December 11, 2011
ONLINE & WIRE REPORTS -- On the same day the American military officially ended its "don't ask, don't tell" policy, a gay Israeli military veteran spoke at Rutgers University about the thriving gay rights movement in Israel.
Avner Even-Zohar, a decorated former IDF captain, said that Israel stands alone in the Middle East in its acceptance and legal protection of the gay, lesbian, bisexual, and transgender community.
Openly gay and lesbian soldiers have served in the Israel Defense Forces since 1993.
"Tel Aviv is the mecca of the gay rights movement in the Middle East," said Even-Zohar, in a talk at the George Street Student Activities Center on the New Brunswick campus.
The program, "Harvey Milk and Honey," was cosponsored by Rutgers Hillel and its affiliated JAQs (Jewish Allies and Queers), Rutgers Queer Student Alliance, the pro-Israel Rutgers Scarlet Blue and White, and the Caravan for Democracy, an initiative of the Jewish National Fund and Media Watch International bringing Israeli speakers to college campuses.

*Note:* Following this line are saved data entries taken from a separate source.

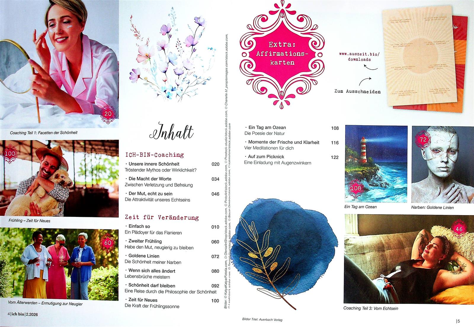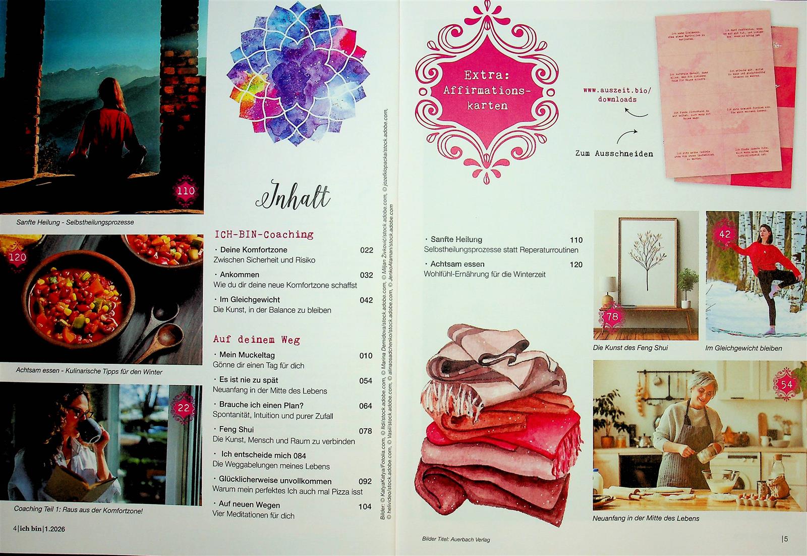 Die Zeitschrift Ich bin bietet eine Vielzahl von inspirierenden und informativen Inhalten, die sich auf persönliche Entwicklung, Wellness und Lebensfreude konzentrieren. Leser finden Artikel zu Themen wie Achtsamkeit, Selbstliebe und gesunde Lebensführung. Darüber hinaus werden Interviews mit Experten und Erfahrungsberichte von Menschen präsentiert, die ihren Weg zur Selbstverwirklichung gefunden haben. Kreative Workshops und praktische Tipps zur Stressbewältigung fördern eine positive Lebensweise. Die Zeitschrift legt besonderen Wert auf die Förderung von Gemeinschaft und Austausch, indem sie Leser ermutigt, ihre eigenen Geschichten zu teilen. So entsteht ein Raum für Inspiration und persönliche Entfaltung, der den Leser auf seinem individuellen Lebensweg begleitet.
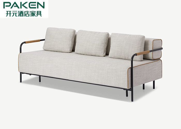3 Kursi Nestor Sofa Bed, Rasa Garis Rangka Besi, Pelapis Busa Kepadatan Tinggi Tempat Tidur Sofa Hotel Memperpanjang Ruang
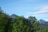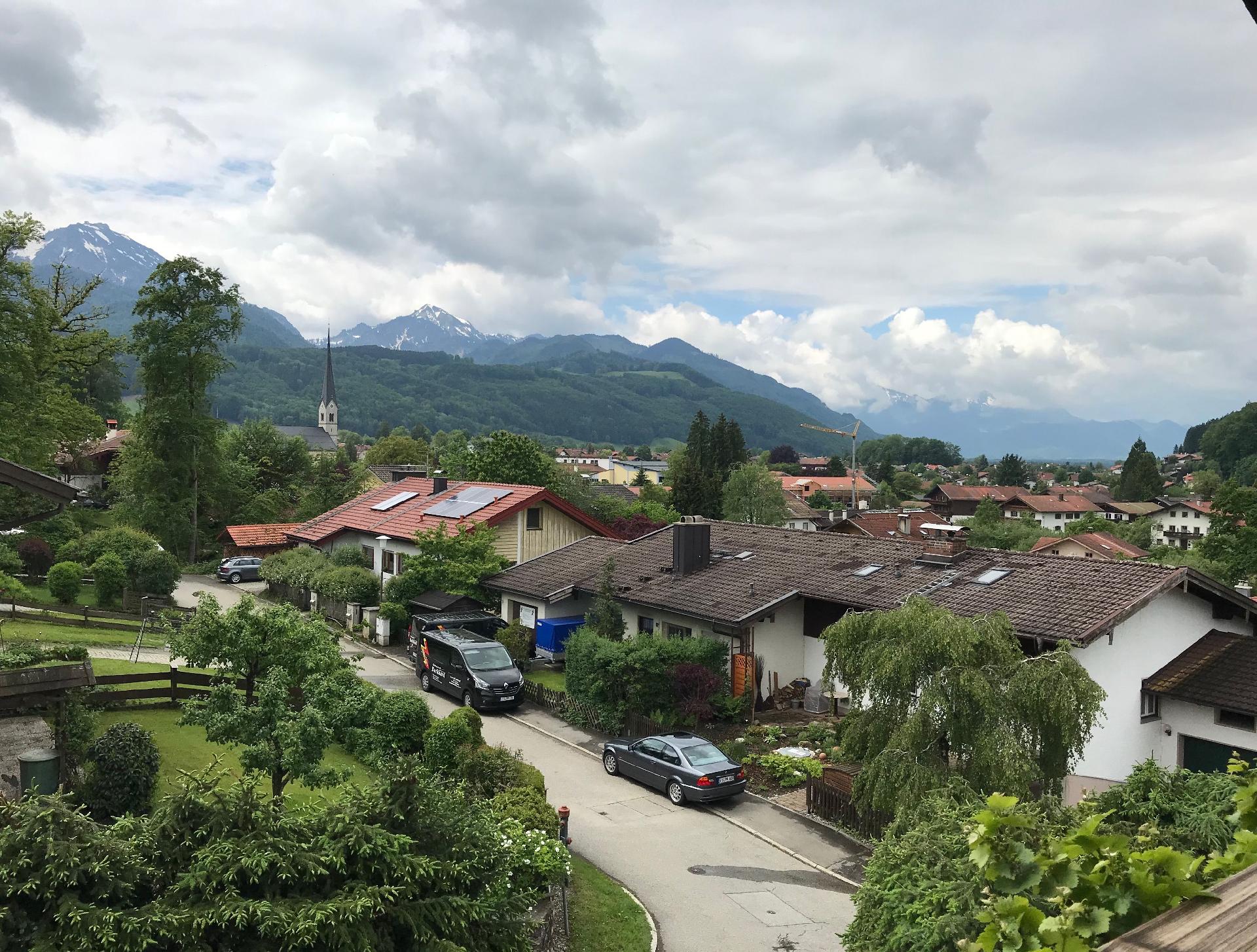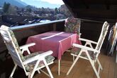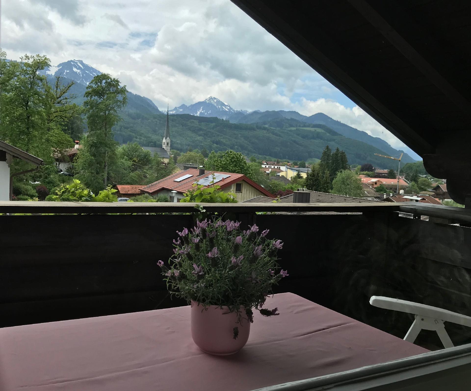 Ein Tisch mit zwei Sitz-/Liegestühlen lädt auf dem überdachten Balkon zum Entspannen ein. Vom Wohn- und Essbereich sowie vom Balkon können Sie einen herrlichen Panoramablick über die Berge der Umgebung sowie auf den Ort Bergen genießen. Ein Parkplatz befindet sich am Haus.
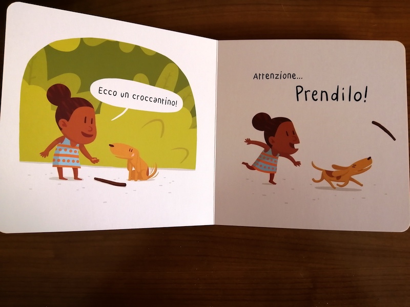 L’azione prosegue ricalcando la stessa dinamica: la bambina lancia il ramoscello, il cane si allontana correndo, il lettore lo perde di vista per un momento, ma poi ecco riapparire l’animale soddisfatto con la sua “preda” tra i denti e una ricompensa di croccantini ad aspettarlo.
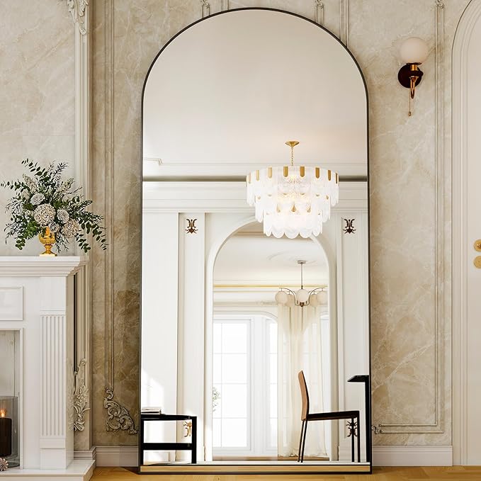 - Elegant Arched Design: This full-length mirror features a stunning arched top, adding a touch of sophistication to any room. Its graceful curves make standing mirror an eye-catching decorative piece that complements various interior styles, from modern to classic

Even-Zohar served as an education officer in the West Bank and Lebanon. He noted that Israel's late prime minister, Yitzhak Rabin, was able to smoothly remove restrictions to gays in the military in the same year that President Bill Clinton reluctantly accepted "don't ask, don't tell."
"My own theory is that Yitzhak Rabin had been a commander in the Six-Day War," Even-Zohar explained. "He fought for the establishment of Israel. He had more credibility."
Rabin also had served with gays and saw for himself how they fought for their country, he said. By contrast, Clinton never served in the military and was forced to acquiesce to then chair of the Joint Chiefs of Staff, Colin Powell.